# OPI 007 Collection



## Playedinloops (Aug 23, 2012)

I personally cannot wait for this one. It's hitting salons/stores on Oct. 1st, and the sooner I can get my hands on On Her Majesty's Secret Service the happier I will be. Here is one of the only swatches I can find so far courtesty of nailandpolish.blogspot.com, hopefully scrangie or someone will have the entire collection up soon!


----------



## Playedinloops (Aug 23, 2012)

AND this one, I don't think I'll ever get over my love of big chunky glitters. "the living daylights"


----------



## parisnicole1989 (Aug 23, 2012)

I am so ecstatic about this collection! Man with the Golden Gun is going straight on my fingers!


----------



## Playedinloops (Aug 23, 2012)

> Originally Posted by *parisnicole1989* /img/forum/go_quote.gif
> 
> I am so ecstatic about this collection! Man with the Golden Gun is going straight on my fingers!


 Yes!!! Me too!! This is one of the first OPI collections I've been excited about in a while. I just might have to be the whole thing.


----------



## calexxia (Aug 23, 2012)

I've gotten to the point where I DON'T buy full collections, but LIVING DAYLIGHTS needs to be in my arsenal.


----------



## Dalylah (Aug 23, 2012)

That purple on the end is calling to me.


----------



## parisnicole1989 (Aug 23, 2012)

> Originally Posted by *Playedinloops* /img/forum/go_quote.gif
> 
> Yes!!! Me too!! This is one of the first OPI collections I've been excited about in a while. I just might have to be the whole thing.

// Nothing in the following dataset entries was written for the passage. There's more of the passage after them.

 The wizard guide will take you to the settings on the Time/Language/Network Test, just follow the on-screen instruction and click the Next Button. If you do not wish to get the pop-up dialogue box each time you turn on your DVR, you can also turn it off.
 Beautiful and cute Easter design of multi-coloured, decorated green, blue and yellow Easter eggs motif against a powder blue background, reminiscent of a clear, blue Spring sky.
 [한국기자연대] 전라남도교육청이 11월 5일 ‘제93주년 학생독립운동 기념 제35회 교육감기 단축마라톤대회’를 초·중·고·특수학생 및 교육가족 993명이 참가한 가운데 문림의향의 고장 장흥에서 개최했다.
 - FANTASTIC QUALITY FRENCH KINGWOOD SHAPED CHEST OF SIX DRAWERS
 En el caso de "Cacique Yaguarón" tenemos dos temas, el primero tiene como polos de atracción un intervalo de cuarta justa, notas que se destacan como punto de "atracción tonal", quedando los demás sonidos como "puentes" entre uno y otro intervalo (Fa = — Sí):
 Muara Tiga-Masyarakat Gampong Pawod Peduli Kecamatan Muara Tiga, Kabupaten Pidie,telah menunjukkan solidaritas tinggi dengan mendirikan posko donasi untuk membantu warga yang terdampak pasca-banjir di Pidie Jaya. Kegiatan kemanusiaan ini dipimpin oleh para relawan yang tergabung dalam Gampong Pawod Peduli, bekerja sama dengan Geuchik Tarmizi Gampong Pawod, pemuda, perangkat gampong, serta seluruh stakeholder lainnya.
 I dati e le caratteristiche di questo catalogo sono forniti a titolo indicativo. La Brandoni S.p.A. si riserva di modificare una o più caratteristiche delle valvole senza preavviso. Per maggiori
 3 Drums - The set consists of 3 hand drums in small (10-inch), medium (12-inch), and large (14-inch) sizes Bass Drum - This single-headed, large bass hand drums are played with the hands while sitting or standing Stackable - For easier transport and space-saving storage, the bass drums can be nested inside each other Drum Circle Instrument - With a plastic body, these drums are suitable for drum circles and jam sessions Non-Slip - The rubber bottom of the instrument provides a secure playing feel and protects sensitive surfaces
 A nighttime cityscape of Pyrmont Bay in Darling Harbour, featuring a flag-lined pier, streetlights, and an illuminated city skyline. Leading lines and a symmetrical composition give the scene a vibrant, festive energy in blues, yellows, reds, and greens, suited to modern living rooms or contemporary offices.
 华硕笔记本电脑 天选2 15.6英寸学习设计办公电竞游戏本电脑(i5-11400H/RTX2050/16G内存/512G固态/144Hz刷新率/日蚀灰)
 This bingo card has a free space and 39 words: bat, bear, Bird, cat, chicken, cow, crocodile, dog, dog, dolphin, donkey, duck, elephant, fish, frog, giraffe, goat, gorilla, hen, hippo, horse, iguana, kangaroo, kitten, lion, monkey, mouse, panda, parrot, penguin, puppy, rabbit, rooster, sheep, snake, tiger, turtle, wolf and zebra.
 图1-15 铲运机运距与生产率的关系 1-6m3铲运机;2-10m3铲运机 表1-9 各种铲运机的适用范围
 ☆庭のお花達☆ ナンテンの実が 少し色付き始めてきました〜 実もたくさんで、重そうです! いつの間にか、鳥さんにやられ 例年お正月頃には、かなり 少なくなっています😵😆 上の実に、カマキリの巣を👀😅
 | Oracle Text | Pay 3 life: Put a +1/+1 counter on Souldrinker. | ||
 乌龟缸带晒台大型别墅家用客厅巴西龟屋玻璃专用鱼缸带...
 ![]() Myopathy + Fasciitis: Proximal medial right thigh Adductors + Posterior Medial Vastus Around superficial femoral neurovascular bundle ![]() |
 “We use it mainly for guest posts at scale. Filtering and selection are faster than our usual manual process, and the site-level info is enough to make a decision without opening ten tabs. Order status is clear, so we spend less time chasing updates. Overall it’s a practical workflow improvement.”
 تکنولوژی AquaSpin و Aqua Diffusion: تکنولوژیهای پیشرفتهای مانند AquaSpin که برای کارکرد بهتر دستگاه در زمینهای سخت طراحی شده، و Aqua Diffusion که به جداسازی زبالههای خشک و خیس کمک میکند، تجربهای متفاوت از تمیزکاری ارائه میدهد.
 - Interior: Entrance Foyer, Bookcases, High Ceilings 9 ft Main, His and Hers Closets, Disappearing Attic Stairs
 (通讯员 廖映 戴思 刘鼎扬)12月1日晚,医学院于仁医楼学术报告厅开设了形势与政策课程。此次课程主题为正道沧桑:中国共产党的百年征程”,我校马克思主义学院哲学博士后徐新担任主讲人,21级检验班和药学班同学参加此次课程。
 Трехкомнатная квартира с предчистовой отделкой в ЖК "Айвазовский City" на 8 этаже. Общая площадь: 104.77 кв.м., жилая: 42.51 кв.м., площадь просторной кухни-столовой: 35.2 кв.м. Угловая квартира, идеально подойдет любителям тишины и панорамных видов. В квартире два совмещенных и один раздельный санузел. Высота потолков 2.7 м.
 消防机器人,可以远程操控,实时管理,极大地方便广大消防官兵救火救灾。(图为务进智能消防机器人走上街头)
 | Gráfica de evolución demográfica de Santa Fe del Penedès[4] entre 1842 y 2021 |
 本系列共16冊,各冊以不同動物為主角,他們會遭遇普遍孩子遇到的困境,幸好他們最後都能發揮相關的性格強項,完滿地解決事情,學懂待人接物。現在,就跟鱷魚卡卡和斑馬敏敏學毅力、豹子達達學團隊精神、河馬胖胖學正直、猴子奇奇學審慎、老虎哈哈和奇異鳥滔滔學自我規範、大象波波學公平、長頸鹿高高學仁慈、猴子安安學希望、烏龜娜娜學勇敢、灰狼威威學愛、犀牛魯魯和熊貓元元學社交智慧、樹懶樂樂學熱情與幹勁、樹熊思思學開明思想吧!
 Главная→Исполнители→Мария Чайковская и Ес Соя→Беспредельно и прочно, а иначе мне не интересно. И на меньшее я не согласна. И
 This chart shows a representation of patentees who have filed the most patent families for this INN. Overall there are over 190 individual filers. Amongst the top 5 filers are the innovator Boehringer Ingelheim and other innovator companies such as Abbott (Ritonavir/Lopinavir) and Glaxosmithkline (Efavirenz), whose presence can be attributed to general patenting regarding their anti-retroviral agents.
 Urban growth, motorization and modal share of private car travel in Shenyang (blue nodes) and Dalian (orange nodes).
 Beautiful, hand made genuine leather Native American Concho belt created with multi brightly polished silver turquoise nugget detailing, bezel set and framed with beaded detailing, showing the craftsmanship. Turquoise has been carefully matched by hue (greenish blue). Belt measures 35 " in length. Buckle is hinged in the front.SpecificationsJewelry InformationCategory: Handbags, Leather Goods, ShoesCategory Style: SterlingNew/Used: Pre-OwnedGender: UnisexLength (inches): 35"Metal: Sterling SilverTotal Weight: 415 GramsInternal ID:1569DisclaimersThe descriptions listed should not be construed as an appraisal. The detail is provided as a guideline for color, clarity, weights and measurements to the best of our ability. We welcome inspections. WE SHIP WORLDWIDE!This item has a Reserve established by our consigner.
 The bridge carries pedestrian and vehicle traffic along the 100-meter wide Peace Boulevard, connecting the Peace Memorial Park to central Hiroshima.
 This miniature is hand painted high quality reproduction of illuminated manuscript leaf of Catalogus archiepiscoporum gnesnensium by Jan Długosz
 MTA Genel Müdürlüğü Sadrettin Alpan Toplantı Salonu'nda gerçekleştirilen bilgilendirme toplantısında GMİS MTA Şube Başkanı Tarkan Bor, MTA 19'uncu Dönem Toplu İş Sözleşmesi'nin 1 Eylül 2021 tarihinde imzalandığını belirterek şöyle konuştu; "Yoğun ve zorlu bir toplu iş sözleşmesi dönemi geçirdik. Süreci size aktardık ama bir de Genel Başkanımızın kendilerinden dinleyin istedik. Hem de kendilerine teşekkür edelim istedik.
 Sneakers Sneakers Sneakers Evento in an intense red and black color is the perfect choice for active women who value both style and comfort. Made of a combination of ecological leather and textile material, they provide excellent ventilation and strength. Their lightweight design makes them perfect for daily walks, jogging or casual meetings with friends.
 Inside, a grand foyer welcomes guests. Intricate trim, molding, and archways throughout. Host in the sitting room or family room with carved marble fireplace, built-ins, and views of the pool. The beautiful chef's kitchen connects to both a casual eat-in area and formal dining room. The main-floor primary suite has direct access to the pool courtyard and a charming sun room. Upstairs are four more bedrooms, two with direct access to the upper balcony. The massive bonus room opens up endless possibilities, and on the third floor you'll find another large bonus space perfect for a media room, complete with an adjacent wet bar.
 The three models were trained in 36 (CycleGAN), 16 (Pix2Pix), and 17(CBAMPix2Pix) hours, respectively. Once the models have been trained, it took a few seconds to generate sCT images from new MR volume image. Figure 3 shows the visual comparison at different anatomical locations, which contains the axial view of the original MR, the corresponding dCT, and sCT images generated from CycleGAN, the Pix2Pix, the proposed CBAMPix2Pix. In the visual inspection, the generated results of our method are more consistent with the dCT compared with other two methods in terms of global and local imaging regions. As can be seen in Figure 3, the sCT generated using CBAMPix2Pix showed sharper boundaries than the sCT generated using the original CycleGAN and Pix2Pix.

 I know right! Eeeek! I wonder what colors will be in the minis. That's usually what I get because I've never finished a whole bottle of polish. :/ I have a feeling this might be as hard to get our hands on as the black shatter was! But at least they made that permanent. I HAVE to have these polishes..


----------



## Playedinloops (Aug 23, 2012)

> Originally Posted by *parisnicole1989* /img/forum/go_quote.gif
> 
> I know right! Eeeek! I wonder what colors will be in the minis. That's usually what I get because I've never finished a whole bottle of polish. :/ I have a feeling this might be as hard to get our hands on as the black shatter was! But at least they made that permanent. I HAVE to have these polishes..


 I wish I could tolerate the mini bottles but the brushes are so bad I can't deal with them. I'm fortunate that my sister is a licensed cosmetologist and she can buy me OPI at cosmoprof or industry source or one of those stores. Also that she gets a major discount, lol.


----------



## ladygrey (Aug 23, 2012)

> Originally Posted by *Playedinloops* /img/forum/go_quote.gif
> 
> Yes!!! Me too!! This is one of the first OPI collections I've been excited about in a while. I just might have to be the whole thing.


 Same here! Every color looks absolutely gorgeous. I totally don't need an entire collection, but I think I may have to invest in a few bottles.


----------



## chayy (Aug 24, 2012)

> Originally Posted by *Playedinloops* /img/forum/go_quote.gif
> 
> I wish I could tolerate the mini bottles but the brushes are so bad I can't deal with them. I'm fortunate that my sister is a licensed cosmetologist and she can buy me OPI at cosmoprof or industry source or one of those stores. Also that she gets a major discount, lol.


 Cosmoprof has such a great discount on OPI. I can't wait to buy these!


----------



## Missglammygirl (Sep 9, 2012)

I think I Have to pick up the whole collection though, seeing as I have evey single bond film and have seen them several times each...


----------



## MissLindaJean (Nov 10, 2012)

Did anyone pick these up? I got a mini set and the chunky glitter at Trade Secret. The cashier showed me her nails, she was rocking the living daylights glitter! Super cute and can't wait to try them out! She said it doesn't apply well, but I'm used to chunky glitters and just let each coat dry or get good and tacky. I recommended she try Deborah Lippmann for glitter, but she was shocked by the prices lol..oops!


----------



## Missglammygirl (Apr 13, 2013)

I love the collection! I picked up all but the man with the golden gun and I already preordered the new collection. Cant wait to get those! they are all liquid sand colors! they all look gorgeous!


----------